▶ _Task_:
Repeat the span of the entries below that starts at the line with "Cette police est" and ends at the line with "This circuit was", nothing more. Skip the pictures.

▶ _Data excerpts_:
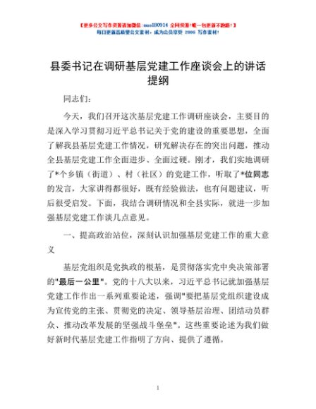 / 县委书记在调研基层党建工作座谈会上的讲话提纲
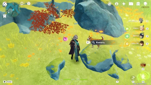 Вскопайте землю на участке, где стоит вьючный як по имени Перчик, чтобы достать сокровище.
* * *
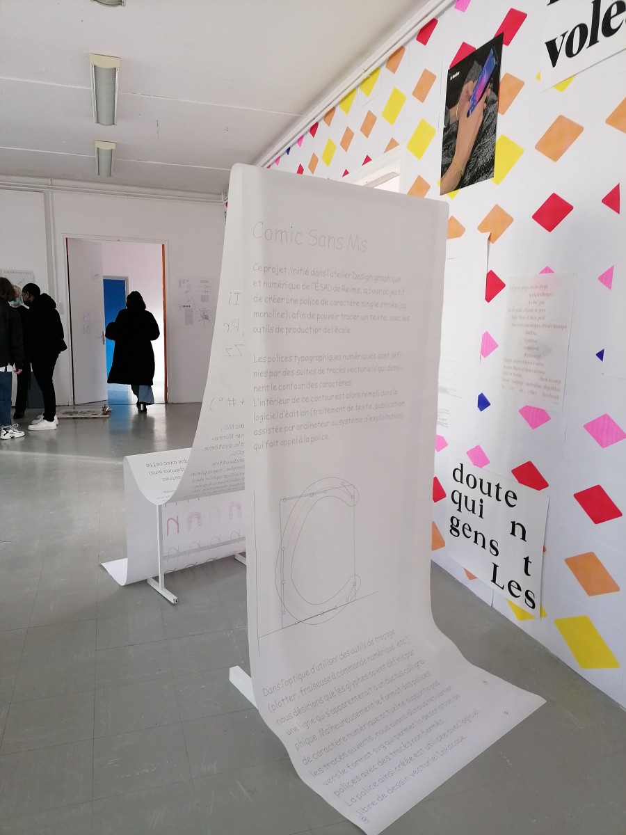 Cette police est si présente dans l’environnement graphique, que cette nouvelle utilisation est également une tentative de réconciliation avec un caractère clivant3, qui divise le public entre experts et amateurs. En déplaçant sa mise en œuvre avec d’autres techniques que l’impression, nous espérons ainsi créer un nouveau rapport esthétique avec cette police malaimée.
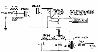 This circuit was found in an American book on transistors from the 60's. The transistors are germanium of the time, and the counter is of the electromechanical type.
--
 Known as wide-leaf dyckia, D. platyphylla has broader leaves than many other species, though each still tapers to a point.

▶ _Exercise solution_:
 Cette police est si présente dans l’environnement graphique, que cette nouvelle utilisation est également une tentative de réconciliation avec un caractère clivant3, qui divise le public entre experts et amateurs. En déplaçant sa mise en œuvre avec d’autres techniques que l’impression, nous espérons ainsi créer un nouveau rapport esthétique avec cette police malaimée.
 This circuit was found in an American book on transistors from the 60's. The transistors are germanium of the time, and the counter is of the electromechanical type.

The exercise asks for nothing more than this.